= EXERCISE PROMPT =
Return the lines below exactly, from the first line to the line that contains "The upper back". Leave out pictures.

= DATA BELOW =
+++
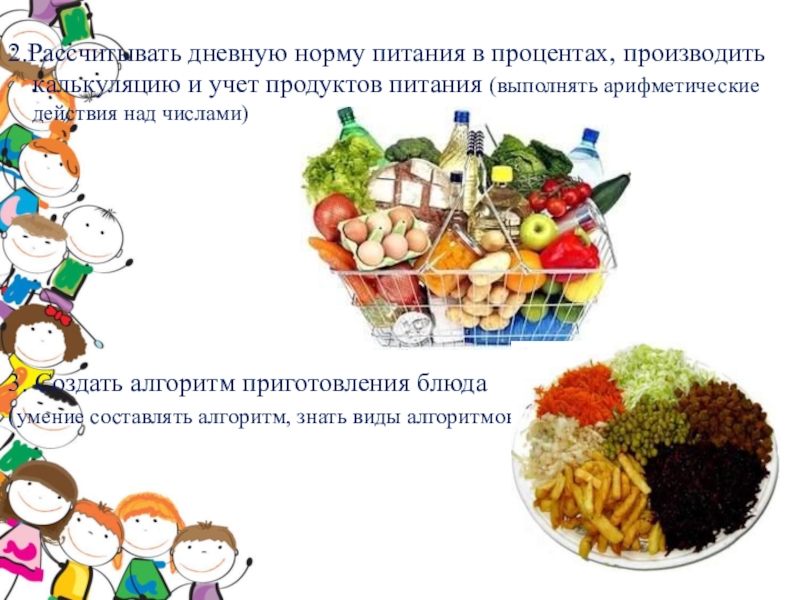 2.Рассчитывать дневную норму питания в процентах, производить калькуляцию и учет продуктов
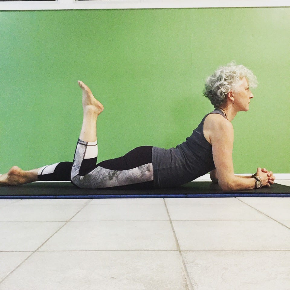 The upper back and torso are very active in Single Leg Kick as you’re trying to lift your chest and pull it forward against the length of the legs reaching back behind you. Oppositional energy is key to keeping length through the front and back of the body, stretching, stretching, and stretching into tensile strength - repeat after me: ‘length & strength, length & strength, length & strength’.
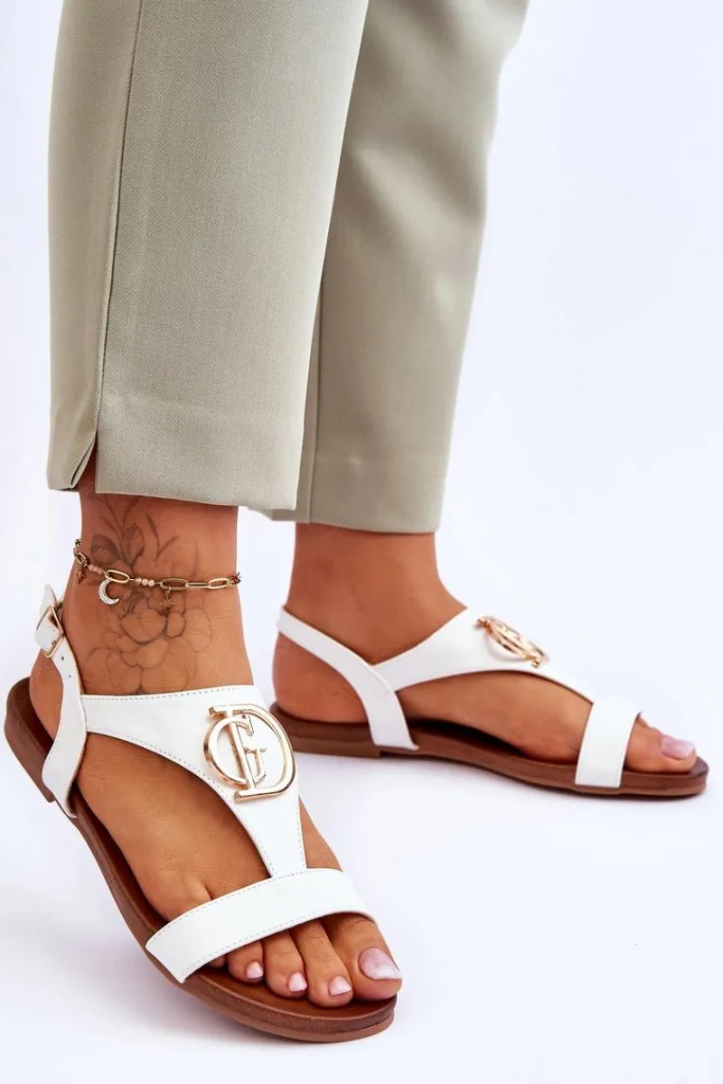Piękne, damskie sandałki wykonane z wysokiej jakości eko skóry. Model ten posiada zdobienie na paseczku w postaci literek. Sandałki są zapinane na regulowany pasek ze sprzączką. Wygodna wkładka Comfort świetnie sprawdzi się podczas długiego użytkowania obuwia. Sandałki osadzono na płaskim obcasie z antypoślizgową podeszwą. Przy wyborze rozmiaru prosimy kierować się tabelą rozmiarów.
+++
= RESPONSE BELOW =
 2.Рассчитывать дневную норму питания в процентах, производить калькуляцию и учет продуктов
 The upper back and torso are very active in Single Leg Kick as you’re trying to lift your chest and pull it forward against the length of the legs reaching back behind you. Oppositional energy is key to keeping length through the front and back of the body, stretching, stretching, and stretching into tensile strength - repeat after me: ‘length & strength, length & strength, length & strength’.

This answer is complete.